On conservative algebras of 2-dimensional Algebras
Hassan Oubba
TL;DR
This work analyzes conservative and terminal algebras in the 2‑dimensional setting, focusing on $\mathcal{W}(2)$, $\mathcal{W}_2$, and $\mathcal{S}_2$. It provides a complete description of $\tfrac{1}{2}$-derivations, showing they are always scalar multiplications, and proves that local and $2$-local $\tfrac{1}{2}$-derivations coincide with $\tfrac{1}{2}$-derivations across these algebras. The authors also show that all biderivations vanish: $BDer(\mathcal{W}(2))=BDer(\mathcal{W}_2)=BDer(\mathcal{S}_2)=\{0\}$, including both symmetric and skew-symmetric cases. These results clarify the derivation-like structure of low‑dimensional conservative/terminal algebras and contribute to the understanding of local and 2-local operator theory in nonassociative settings, with explicit descriptions tied to the algebras $\mathcal{W}(2)$, $\mathcal{W}_2$, and $\mathcal{S}_2$.
Abstract
In 1990 Kantor introduced the conservative algebra $\mathcal{W}(n)$ of all algebras (i.e. bilinear maps) on the $n$-dimensional vector space.

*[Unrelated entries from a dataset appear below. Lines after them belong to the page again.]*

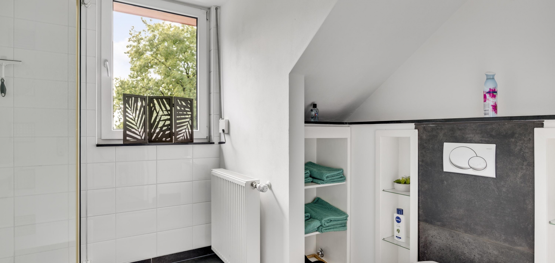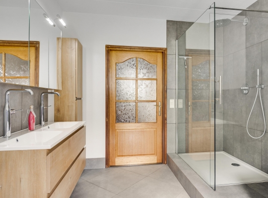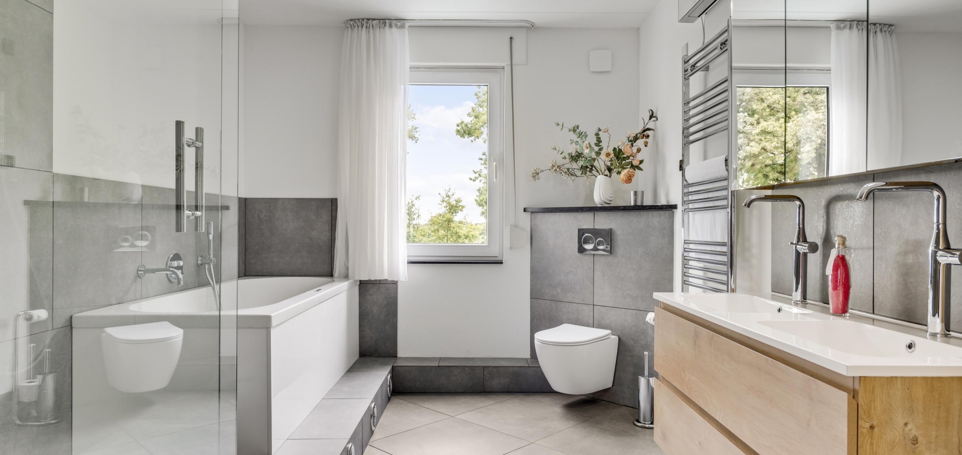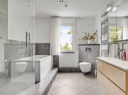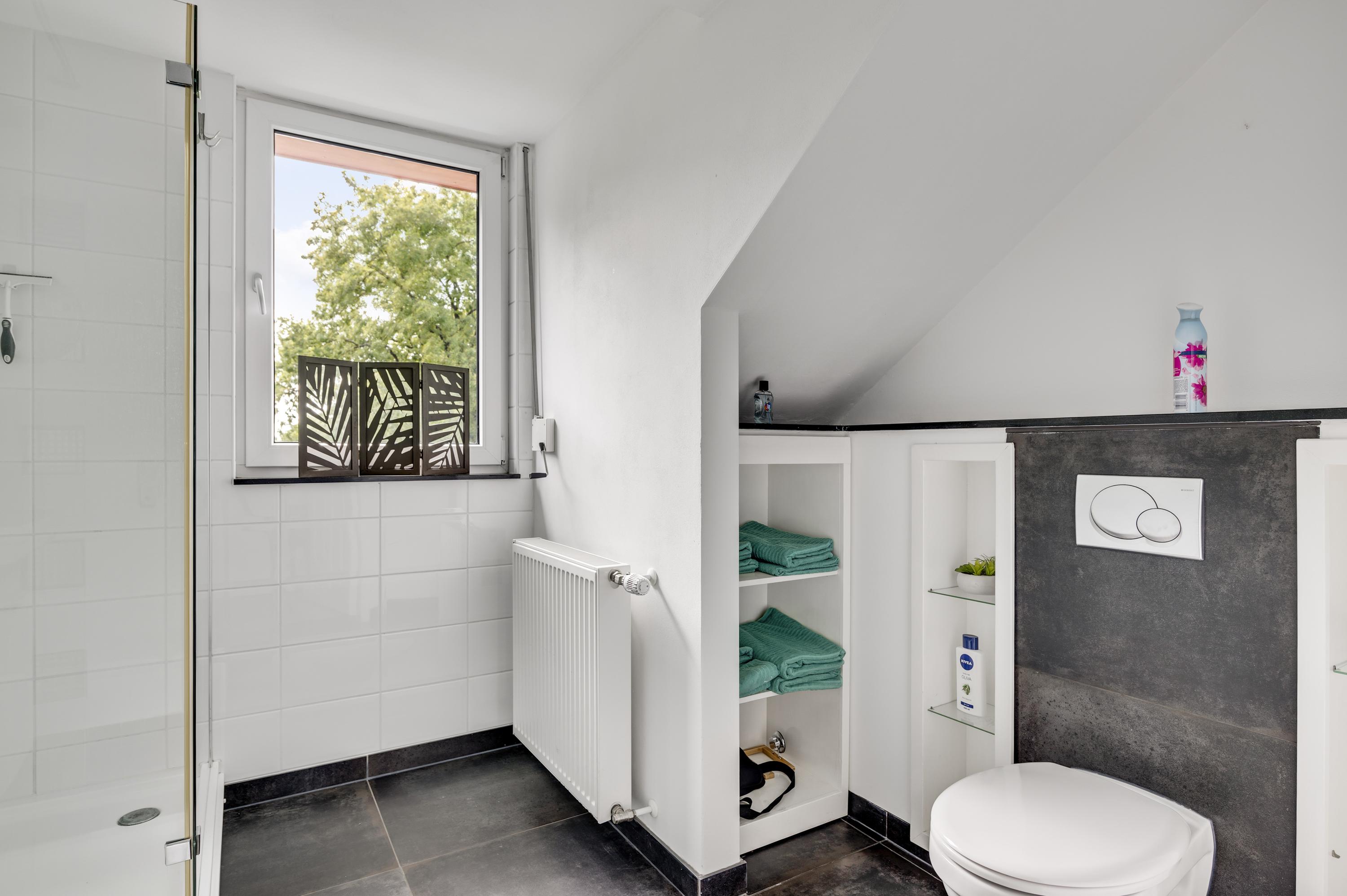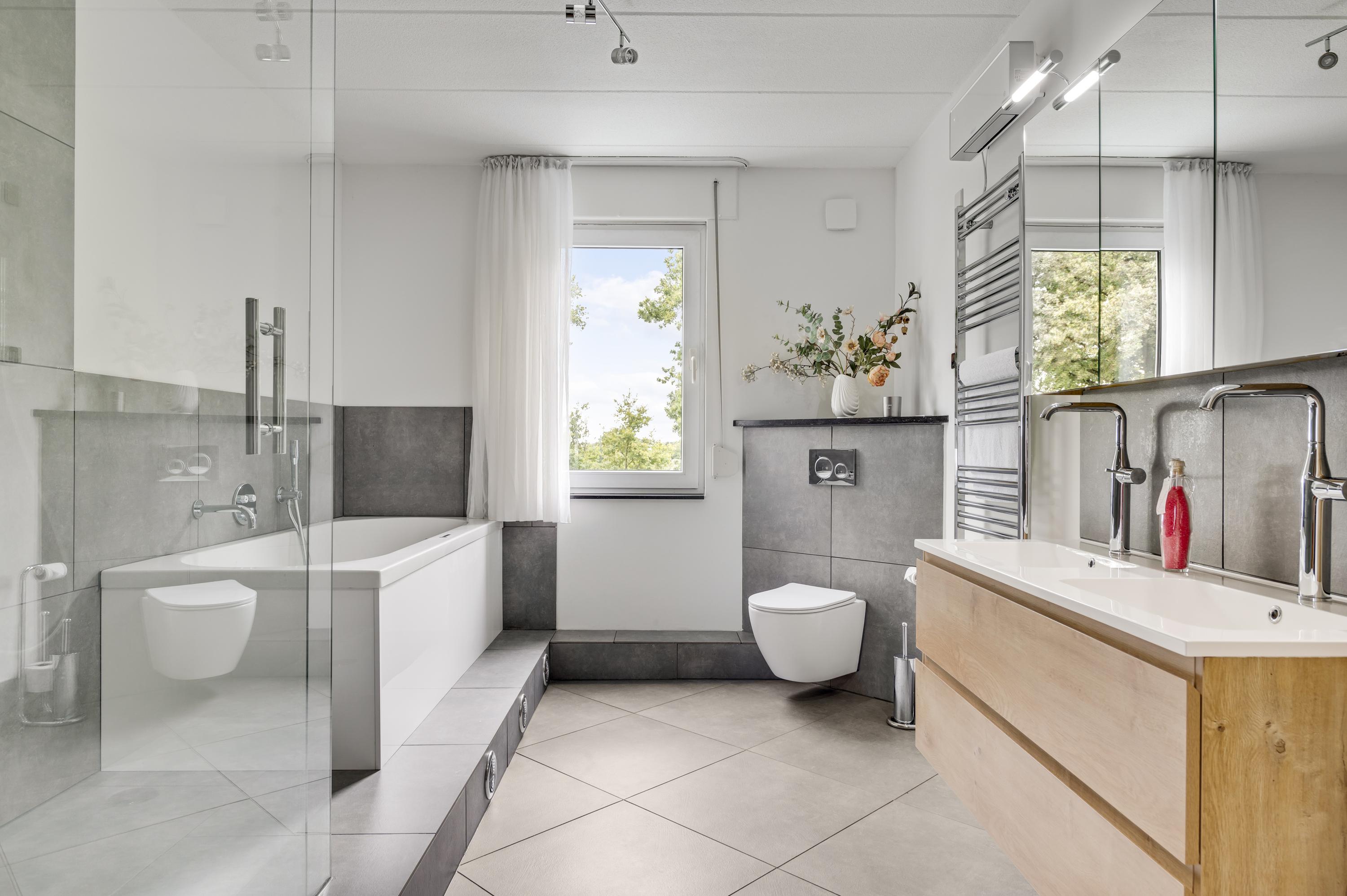 De moderne badkamer 2023 (circa 3,71 x 2,77) is ingedeeld met een whirlpoolbad, aparte douche, een wandcloset en een dubbel wastafelmeubel met spiegelkast. De badkamer heeft niet alleen een designradiator maar ook vloerverwarming.
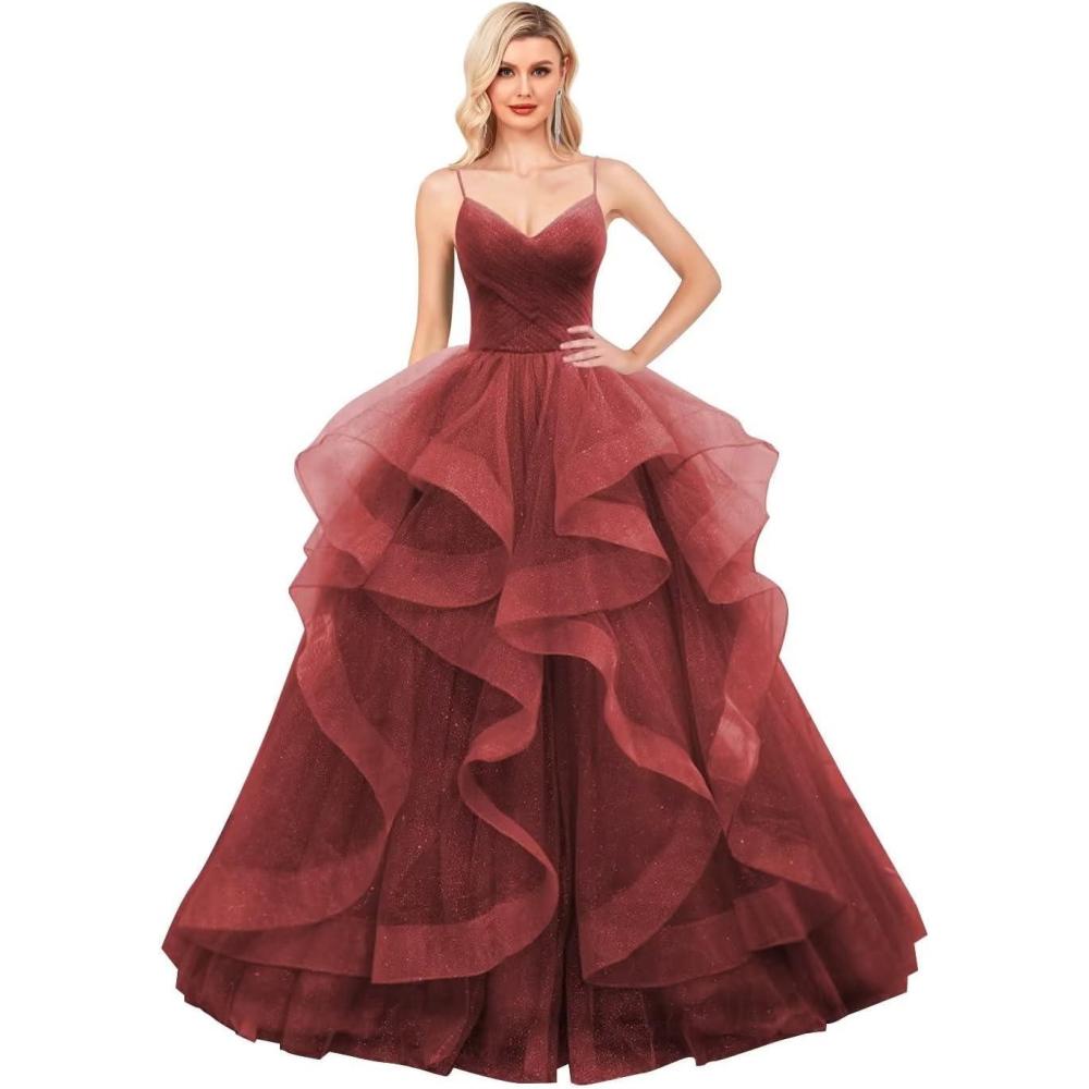 Be the first to review “Layered Tulle Prom Dresses Long Glitter Ball Gown A-Line Formal Evening Gown Sparkly Pageant Dress for Women(Wine Red)”
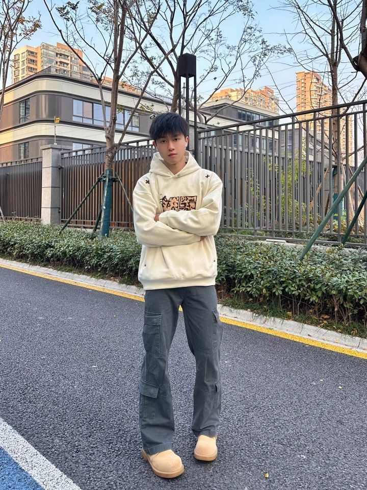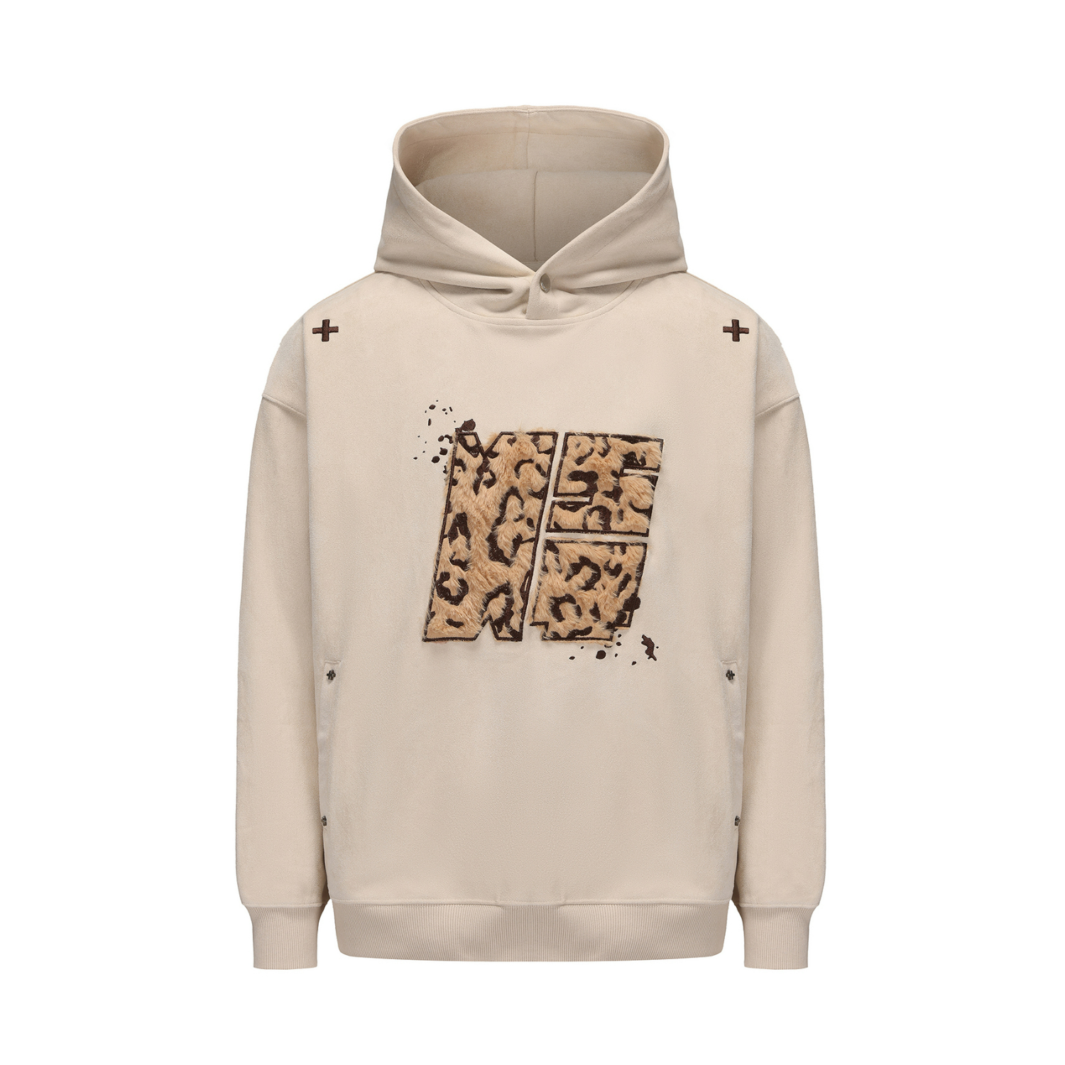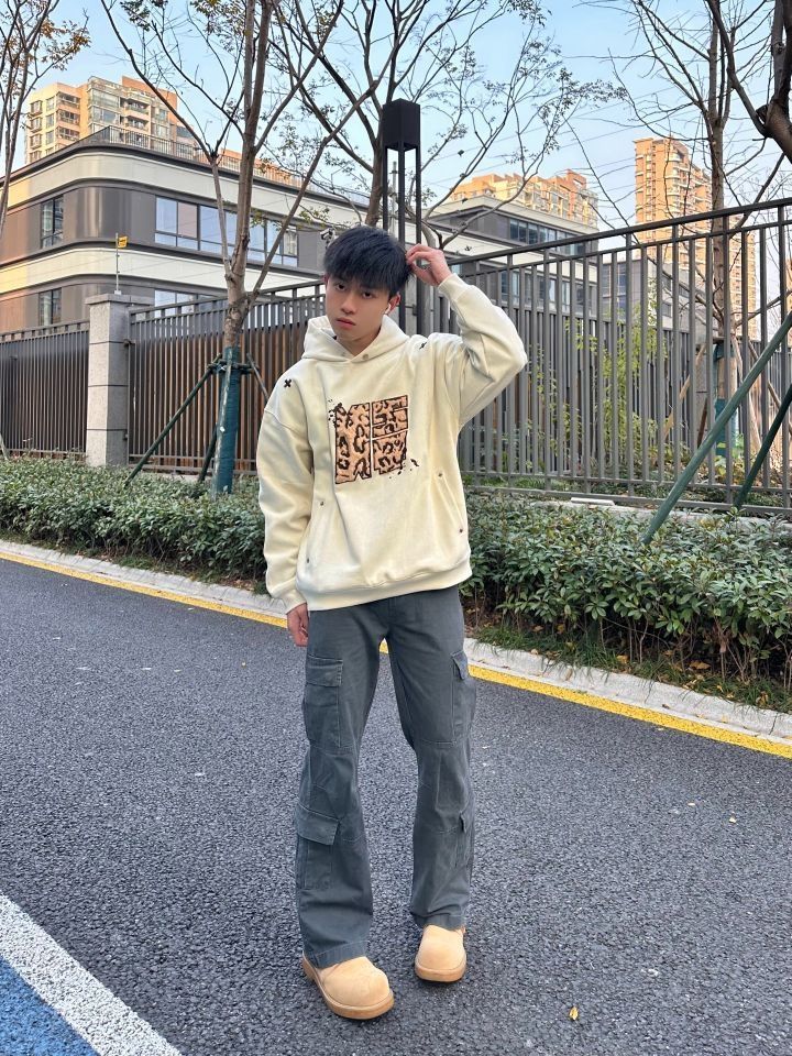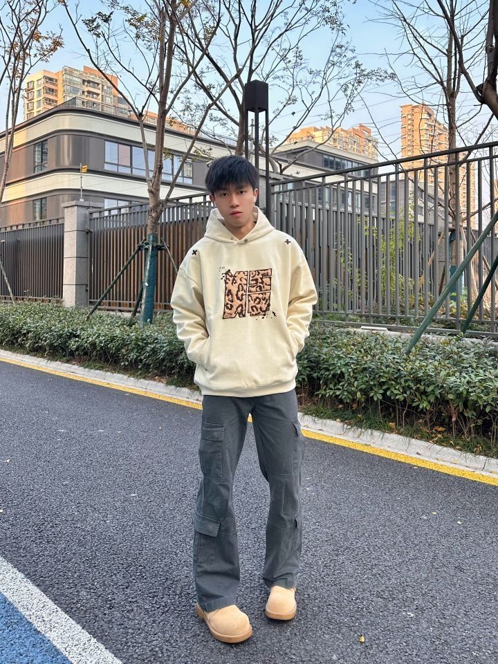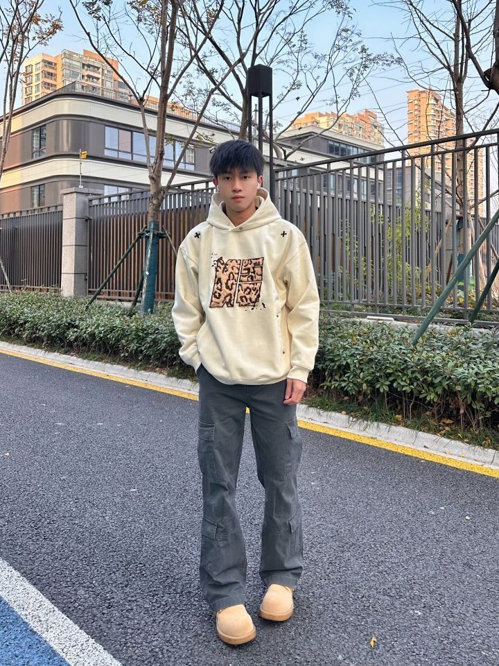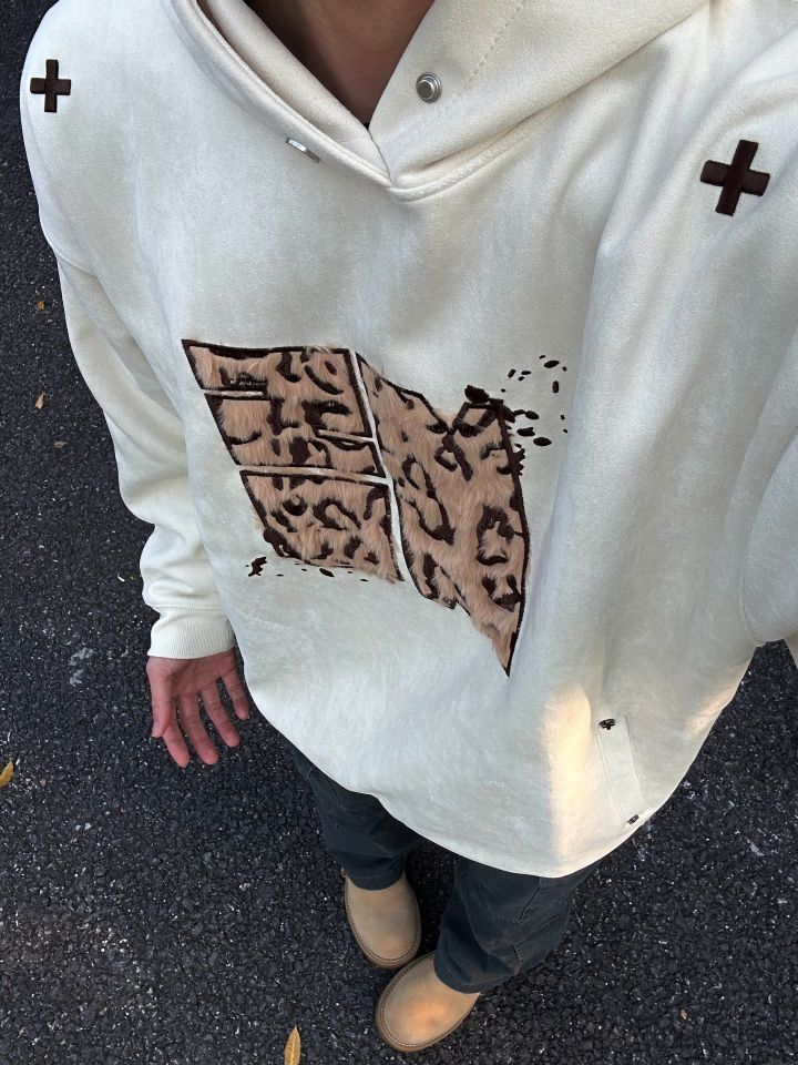 今天的穿搭非常有层次感 上身的卫衣来自 NSTNEW START 麂皮面料 宽松版型 胸口大贴布刺绣 动物豹纹的感觉 前后“➕”刺绣真的很好看诶 领口做了小纽扣设计 冬天冷可以扣上 一件能多穿实用的单品 在秋冬天很需要
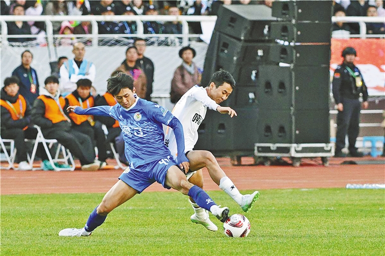 2025年伊利内蒙古自治区足球超级联赛中,呼和浩特与通辽队员争抢。
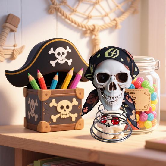 Piratskalle Trädtopp Halloween Spöklik Skelett Trädtoppsprydnad Harts Mänsklig Skalle Dekoration för Halloween Julparty Dekor
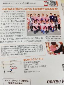 訪問看護ステーション心の花が、久留米のフリーマガジン『ノーマ・ジーン』に掲載されました!

In case $n >1$ the algebra $\mathcal{W}(n)$ does not belong to well known classes of algebras (such as associative, Lie, Jordan, Leibniz algebras). We describe $\frac{1}{2}$derivations, local (resp. $2$-local) $\frac{1}{2}$-derivations and biderivations of $\mathcal{W}(2)$. We also study similar problems for the algebra $\mathcal{W}_2$ of all commutative algebras on the two-dimensional vector space and the algebra $\mathcal{S}_2$ of all commutative algebras with trace zero multiplication on the two-dimensional space.